А помните забавы у запруды —
Обилье вин, и сладкой пищи груды,
И гладь кристальная речного лона —
Как будто во дворце у Соломона?
Я помню свежесть этих тихих вод,
Я помню звонких чаш круговорот…
Ибн Зайдун, «Ни адха и ни праздник разговенья...»,
пер. Ю. Хазанова
Внизу, возле лодки стояли два здоровенных араба в камуфляже. Один представился Абдуллой и заявил, что Дэвиду придется поехать с ними. Второй не произнес ни слова. Был еще и третий, щуплый, одетый в гражданское, он колдовал над мотором в утлом суденышке.
Сопровождающие разместились ближе к носу. Оружие они положили на колени, но Дэвид, который сидел посередине, понимал, что любая попытка к бегству сейчас обречена на провал. Репортеру ничего не оставалось, как разглядывать похитителей. Посмотреть было на что.
Никогда ранее он не видел, чтобы подобным образом экипировали иракских солдат. Это не были паркетные пехотинцы в парадных одеждах, которые по праздникам маршировали перед диктатором, или доходяги с винтовками в серых кителях, что стояли еще сутки назад на всех перекрестках города.
Человек, назвавшийся Абдуллой, и его напарник носили бронежилеты поверх светло–коричневой униформы. На каждом – хорошо подогнанная разгрузка. Из застегнутых на заклепки карманов для запасных магазинов к автоматам у каждого торчало по небольшому кольцу. Очевидно, рассудил журналист, шнуры от них ведут к донным частям рожков. Дергаешь, и через секунду обойма – в руке. Рукоятки ножей, притороченных к поясу, плотно обмотаны парашютными стропами. Мушки и целики на автоматах с тыльной стороны светились в темноте.
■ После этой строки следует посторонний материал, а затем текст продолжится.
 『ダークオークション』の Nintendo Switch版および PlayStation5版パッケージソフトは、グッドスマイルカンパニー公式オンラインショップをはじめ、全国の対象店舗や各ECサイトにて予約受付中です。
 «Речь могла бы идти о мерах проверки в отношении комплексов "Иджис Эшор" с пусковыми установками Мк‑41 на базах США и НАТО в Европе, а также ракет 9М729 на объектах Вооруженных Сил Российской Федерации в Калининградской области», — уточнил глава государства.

Вероятно, они были подкрашены чем–то, содержащим в себе фосфор. Так удобно прицеливаться в темноте. Наручные часы у обоих спрятаны в чехлы на липучках, чтобы не бликовали в самый неподходящий момент. Каски в тон камуфляжа одеты поверх темно–коричневых куфий. Из–под ткани выглядывали гарнитуры радиостанций, а справа крепились фонари с красными фильтрами.
Дэвид посмотрел назад. Правивший лодкой гражданский старался держать ее ближе к берегу. Время от времени он черпал забортную воду и поливал кожух двигателя.
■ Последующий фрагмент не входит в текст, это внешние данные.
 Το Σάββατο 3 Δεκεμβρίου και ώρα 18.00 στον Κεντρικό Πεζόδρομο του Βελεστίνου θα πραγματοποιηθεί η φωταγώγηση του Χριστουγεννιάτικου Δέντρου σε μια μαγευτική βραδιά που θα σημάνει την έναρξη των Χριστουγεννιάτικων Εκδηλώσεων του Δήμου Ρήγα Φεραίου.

– Горячий, – пояснил лоцман на ломанном английском, затем поднял указательный палец вверх и добавил, – самолет видеть.
Ясно, – сообразил Дэвид, – боится, что разогретый двигатель заметят сверху. Быстро же они учатся. В инфракрасном диапазоне катера с нагретым мотором – легкая мишень. Дэвид вспомнил, как будучи студентом, смотрел репортаж из Югославии об ошибочном ударе с воздуха по колонне с беженцами. Пилоты в ходе ночного налета приняли сгрудившиеся на обочине трактора за сербскую бронетехнику. Не успевшие остыть двигатели на экране инфракрасных локаторов выглядели точь в точь, как танковые. Был нанесен удар. Погибли десятки ни в чем неповинных людей. Позже ошибку признали.
Сейчас оставалось только надеяться на хитрость туземца и на то, что сверху их обветшалую посудину не примут за флагманский линкор флотилии Саддама. Небо, затянутое черным дымом, на миг осветилось яркой вспышкой. Справа что–то громыхнуло. Раздалась беспорядочная стрельба.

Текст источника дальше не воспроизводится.